◆ **What to do**:
Take the lines from the beginning of the material through the line containing "委員会の子どもたちの進行で、" and retype them exactly, leaving the pictures out.

╭──

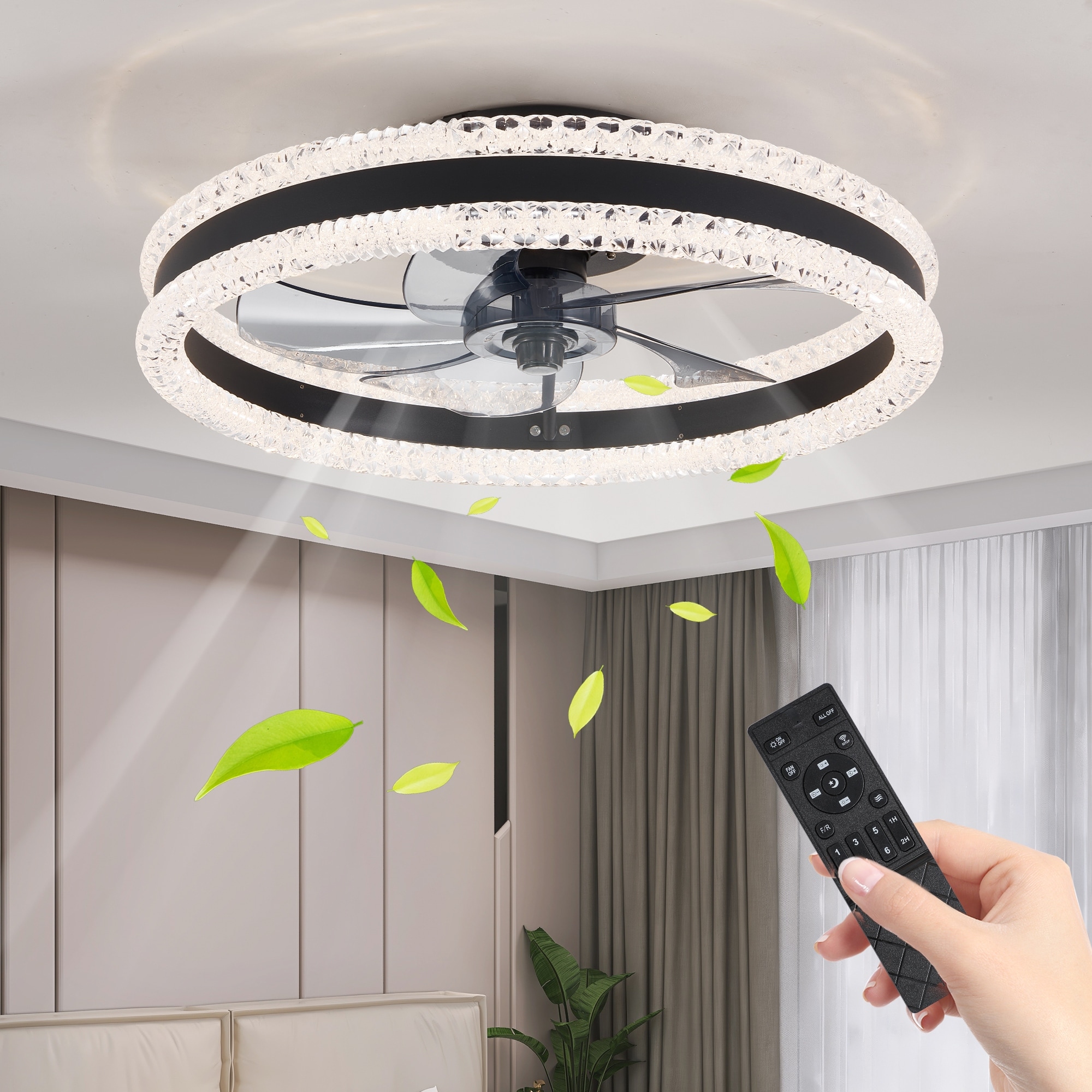 Double Crystal Ring Design LED Ceiling Fan with Light, Modern Flush Mount Ceiling Fan Chandelier, Retractable ABS Fan Blades
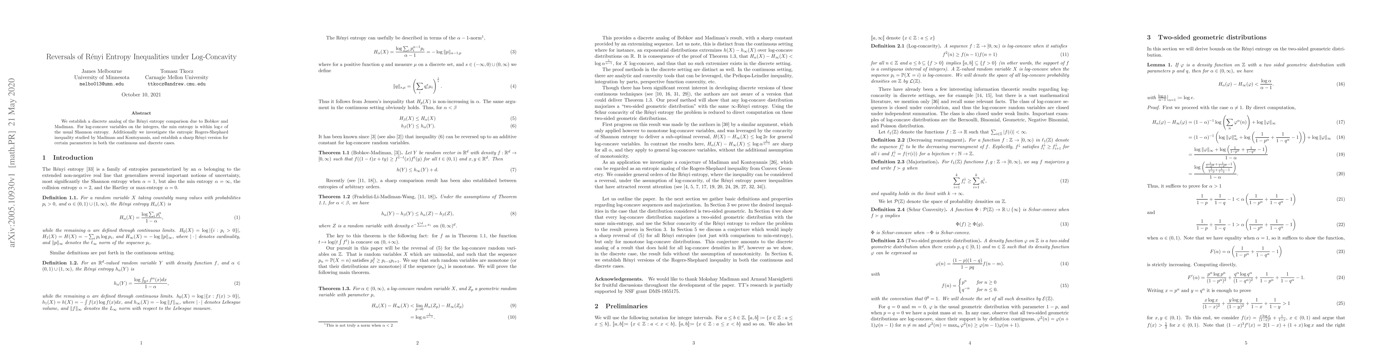 We establish a discrete analog of the R\'enyi entropy comparison due to Bobkov and Madiman. For log-concave variables on the integers, the min entropy is within log e of the usual Shannon entropy. Additionally we investigate the entropic Rogers-Shephard inequality studied by Madiman and Kontoyannis, and establish a sharp R\'enyi version for certain parameters in both the continuous and discrete cases
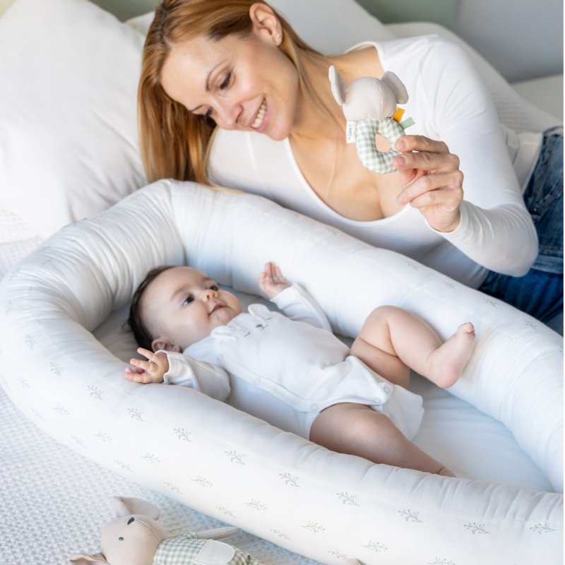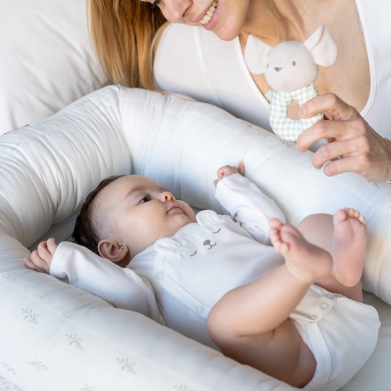 Hniezdo pre bábätko je navrhnuté tak, aby poskytovalo maximálne teplo, pohodlie a pocit bezpečia podobný pocitu v mamičkinom brušku. Slúži ako bezpečné miesto na odpočinok pre bábätko, na spánok aj na iné použitie (napr. ako prebaľovacia podložka alebo podložka do postieľky). Vďaka svojmu nadčasovému a minimalistickému dizajnu krásne zapadne do každej modernej domácnosti.
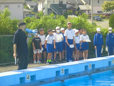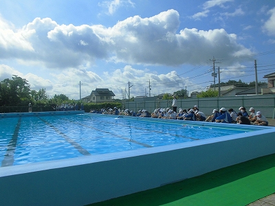 委員会の子どもたちの進行で、プール開きを行いました。平井小のこのプールも今年度限りとなります。
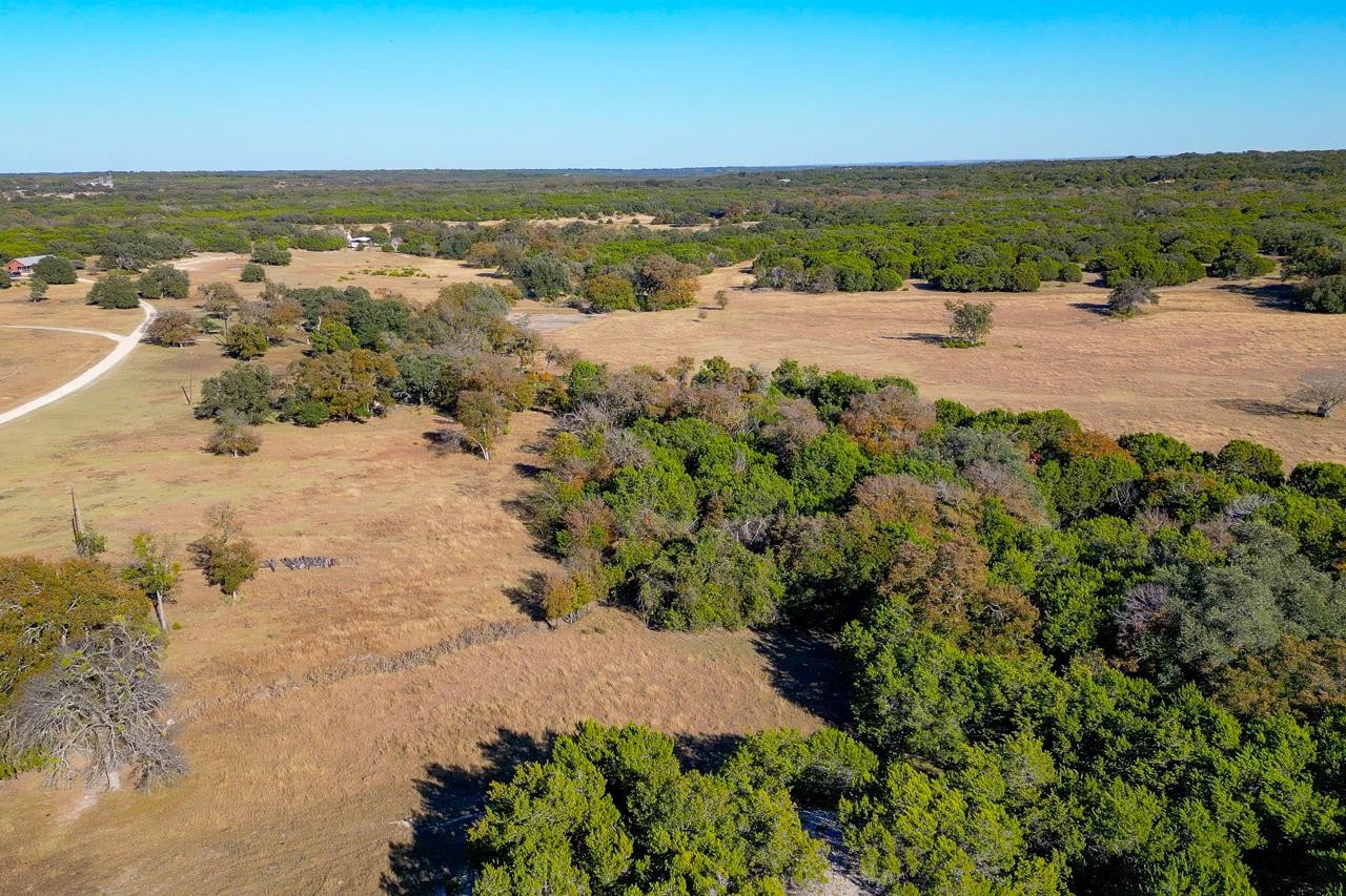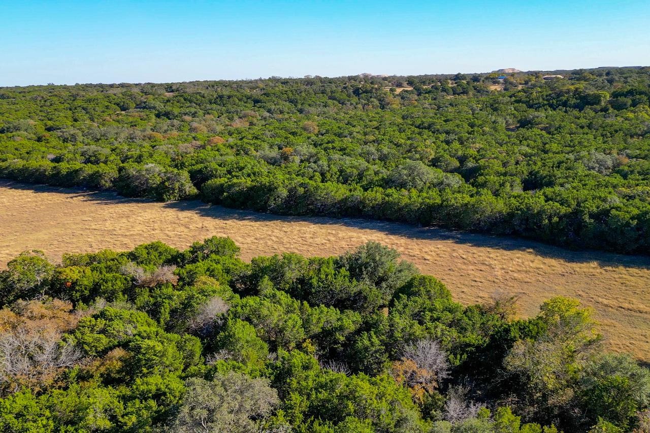 The land features an excellent blend of dense woods and productive bottomland fields. Tree cover includes oak, elm, pecan, and cedar, with selective cedar clearing already completed to reveal beautiful live oak parks. Rolling topography ranges from 810 to 930 feet in elevation, with the higher points showcasing expansive Hill Country views. Stillman Valley Creek meanders through the ranch and offers potential sites for ponds or a lake.

╰──

◆ **Solution below**:
 Double Crystal Ring Design LED Ceiling Fan with Light, Modern Flush Mount Ceiling Fan Chandelier, Retractable ABS Fan Blades
 We establish a discrete analog of the R\'enyi entropy comparison due to Bobkov and Madiman. For log-concave variables on the integers, the min entropy is within log e of the usual Shannon entropy. Additionally we investigate the entropic Rogers-Shephard inequality studied by Madiman and Kontoyannis, and establish a sharp R\'enyi version for certain parameters in both the continuous and discrete cases
 Hniezdo pre bábätko je navrhnuté tak, aby poskytovalo maximálne teplo, pohodlie a pocit bezpečia podobný pocitu v mamičkinom brušku. Slúži ako bezpečné miesto na odpočinok pre bábätko, na spánok aj na iné použitie (napr. ako prebaľovacia podložka alebo podložka do postieľky). Vďaka svojmu nadčasovému a minimalistickému dizajnu krásne zapadne do každej modernej domácnosti.
 委員会の子どもたちの進行で、プール開きを行いました。平井小のこのプールも今年度限りとなります。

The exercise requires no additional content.